Derartige sichere Anzeichen ergäben sich aus dem Vorbringen der Kläger nicht. Ihr Vorbringen beschränke sich im Wesentlichen darauf, der Richter habe während der mündlichen Verhandlung von 13:00 Uhr bis 13:04 Uhr die Augen bei zur Seite geneigtem Kopf geschlossen gehalten und teilnahmslos gewirkt; er sei dann plötzlich wieder erwacht.“

Merke: Ein Stups zur rechten Zeit sorgt auch für mehr Gerechtigkeit.

Verbrannte Hexen

Die letzte überlieferte Hinrichtung einer Hexe in Mitteleuropa fand 1793 statt. Dass das Thema Hexenverbrennungen damit aber nicht erledigt war, bekamen die Richter des Finanzgerichts München im Jahr 1989 zu spüren.

Der Kläger des Verfahrens beschäftigte Arbeitnehmer, die sowohl der evangelischen als auch der römisch-katholischen Kirche angehörten. Er weigerte sich, für diese Kirchenlohnsteuer einzubehalten und an das beklagte Finanzamt abzuführen. Stattdessen beantragte er bei Gericht, „ihn bis auf weiteres vom ‚aufgezwungenen Inkassodienst für kriminell tätig gewesene Religionsgesellschaften, hier speziell römisch-katholische und evangelische Religionsgesellschaft“, freizustellen.

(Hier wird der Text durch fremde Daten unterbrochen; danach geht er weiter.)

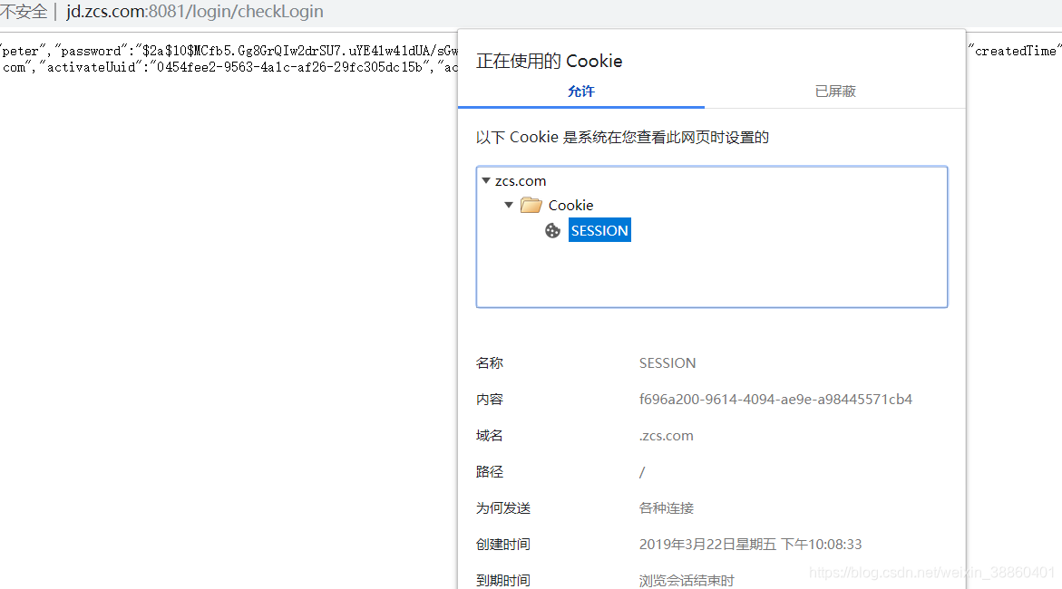 可以看到两个域名下都有cookie,同父域名下cookie的跨域问题就解决了(没有解决跨域问题的话就是你在jd.zcs.com这个域名下登录,跳转到tb.zcs.com这个域名的页面的时候会拿不到用户的cookie,从而拿不到用户的信息)。

Seine Begründung: In Verantwortung der vom Finanzamt unterstützten und bereicherten Religionsgesellschaften seien seine Vorfahren im Jahre 1664 grausam gefoltert und sodann am 23. 2.1664 auf dem Scheiterhaufen verbrannt worden. Die Erinnerung an diese mehr als unmenschliche Behandlung im Glaubenswahn dieser Religionsgemeinschaften machte es ihm als direktem Nachfolger subjektiv unmöglich, Inkassodienst zur weiteren Bereicherung dieser Religionsgesellschaften zu leisten.

Das Gericht hatte allerdings kein Einsehen und wies die Klage ab.

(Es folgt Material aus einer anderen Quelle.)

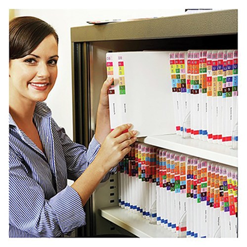 Apply on the side of your files. Each alpha from 'A'-'Z' including 'Mc' is given a different colour for easy identification. Colour coding makes it easier to find files and eliminate misfiling.

Post vom Amt? Panikattacke!

Nicht mit Hexen, sondern mit einer Phobie gegen amtliche Schreiben durfte sich das Finanzgericht Rheinland-Pfalz befassen.

In diesem Fall begehrte die Klägerin eine Wiedereinsetzung in den vorigen Stand, da sie eine Frist wegen „einer Phobie gegen amtliche Schreiben“ versäumt hatte.

Von der „Wiedereinsetzung in den vorigen Stand“ wird gesprochen, wenn ein Verfahrensbeteiligter Fristen unverschuldet versäumt hat, jedoch so gestellt wird, als hätte er die Frist nicht versäumt.

Die Klägerin erklärte, dass sie unter Angstzuständen leide, die durch amtliche Schreiben ausgelöst würden. Daher lasse sie Post mehrere Wochen, teilweise sogar monatelang im Briefkasten. Sie habe sich wiederholt in psychologische Behandlung begeben wollen, schäme sich jedoch ihres Leidens zu sehr.

Das Gericht lehnte die Wiedereinsetzung ab. Es fehlte ihm an der schuldlosen Verhinderung, da eine andere volljährige Person die amtlichen Schreiben hätte öffnen können.

Hund verschleppt zur Abholung bereitgelegten Brief

Mit einem Antrag auf Wiedereinsetzung in den vorigen Stand setzte sich auch das Finanzgericht Sachsen auseinander.

Der Kläger, ein Landwirt, begründete seinen Antrag damit, dass auf seinem Hof die „Landzustellung“ erfolge. In der dabei üblichen Weise habe er ein Schriftstück im Eingangsbereich seines Anwesens zur Abholung durch den Postzusteller bereitgelegt. Mit diesem Schriftstück hatte er einen fristgebunden Antrag an das Finanzamt gesendet. Das aber lehnte den Antrag hinterher wegen verspäteter Einreichung ab.

Dabei war es doch gar nicht seine Schuld: Durch einen Zufall habe er in einer Scheune Briefe gefunden, die er zur Postabholung bereitgelegt habe. Sie hätten etwas „ramponiert“ ausgesehen. Seit Mai des Jahres besitze er einen jungen Schäferhund, der sich frei bewegen könne. Dieser habe die Briefe „wohl als Spielzeug angesehen und sie in die Scheune geschleppt“.

Nicht wirklich überraschend: Das Finanzgericht lehnte den Antrag ab. Der Kläger sei für das von ihm geschaffene Verlustrisiko allein verantwortlich.

Der arme Hund, der.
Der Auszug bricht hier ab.